Segment Open

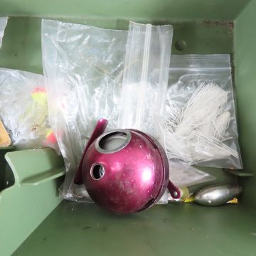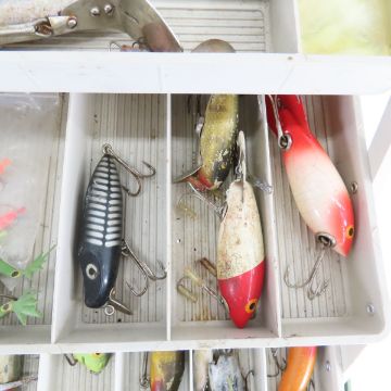 Vintage tackle box with lures and gearReal Frog, Bomber, Heddon, South Bend, Bagley?, 3 reels, split's bottle lures, & many more Please ask questions & read terms & conditions before bidding.
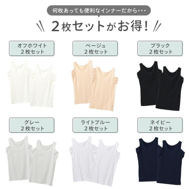 2枚set 汗ばむ季節を快適にする、綿100% 汗取りタンクトップ。
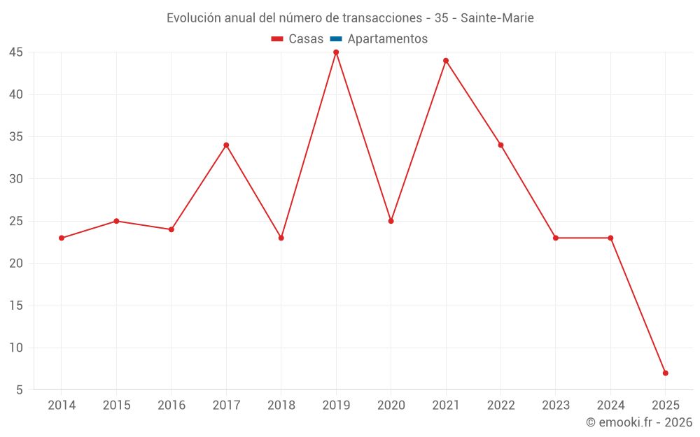 El precio mediano en las 27 transacciones de casas de los últimos 12 meses en la comuna de Sainte-Marie fue de 1 877 € por metro cuadrado para un valor patrimonial medio de 140 000 €. Durante este período el 60% de las transacciones estuvieron entre 1 490 y 2 480 € por metro cuadrado (del 2º al 8º decil).
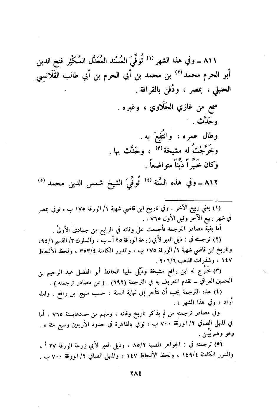 811 - وَفِي هَذَا الشَّهْر توفّي الْمسند الْمعدل المكثر فتح الدّين ابو الْحرم مُحَمَّد بن مُحَمَّد بن ابي الْحرم بن أبي طَالب القلانسي الْحَنْبَلِيّ بِمصْر وَدفن بالقرافة
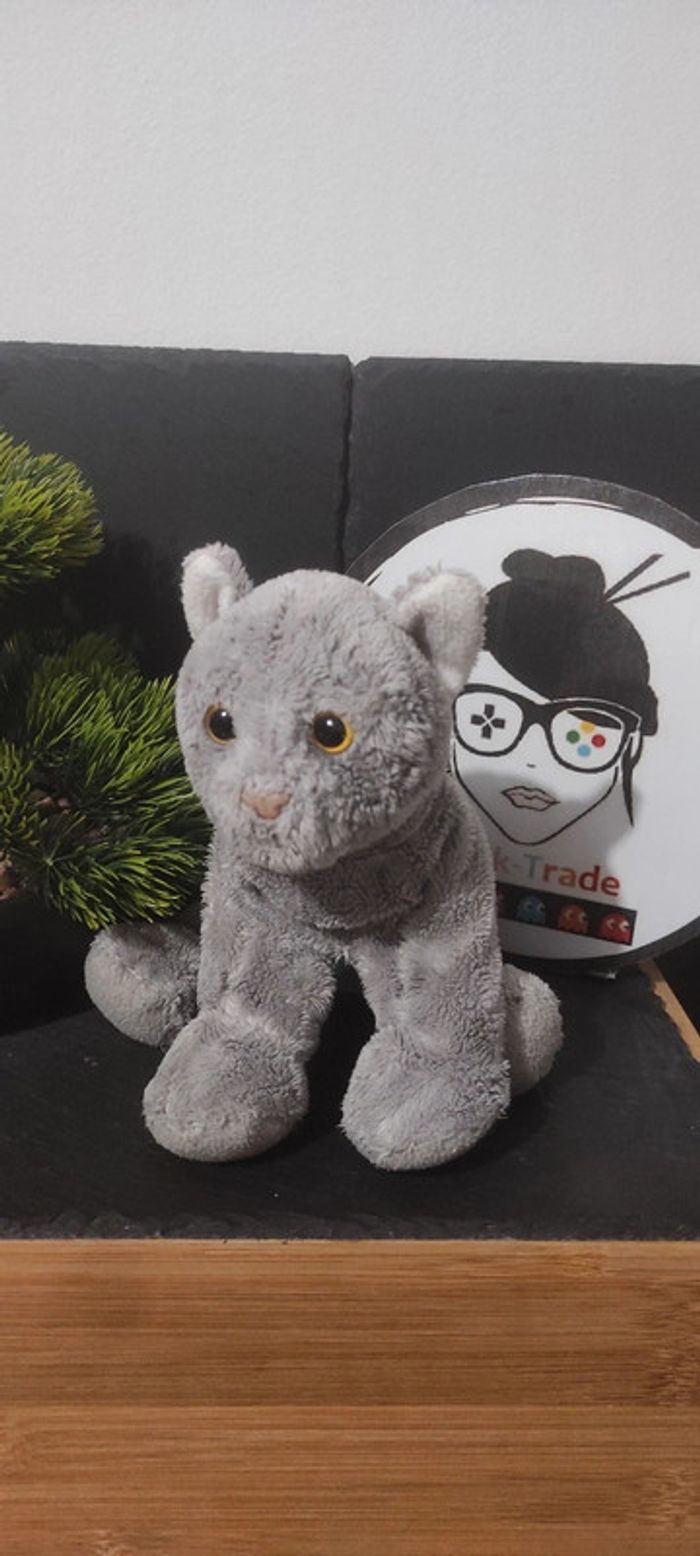 peluche doudou chat ancien gris yeux bille jaune nez rose ancien vintage - photo numéro 1

Segment Closed

> Problem requirements:
Your task is to give again, unchanged, the lines from the line that contains "2枚set 汗ばむ季節を快適にする、綿100% 汗取りタンクトップ。" to the end of the records. Include both end lines but no pictures.

> Result of the exercise:
 2枚set 汗ばむ季節を快適にする、綿100% 汗取りタンクトップ。
 El precio mediano en las 27 transacciones de casas de los últimos 12 meses en la comuna de Sainte-Marie fue de 1 877 € por metro cuadrado para un valor patrimonial medio de 140 000 €. Durante este período el 60% de las transacciones estuvieron entre 1 490 y 2 480 € por metro cuadrado (del 2º al 8º decil).
 811 - وَفِي هَذَا الشَّهْر توفّي الْمسند الْمعدل المكثر فتح الدّين ابو الْحرم مُحَمَّد بن مُحَمَّد بن ابي الْحرم بن أبي طَالب القلانسي الْحَنْبَلِيّ بِمصْر وَدفن بالقرافة
 peluche doudou chat ancien gris yeux bille jaune nez rose ancien vintage - photo numéro 1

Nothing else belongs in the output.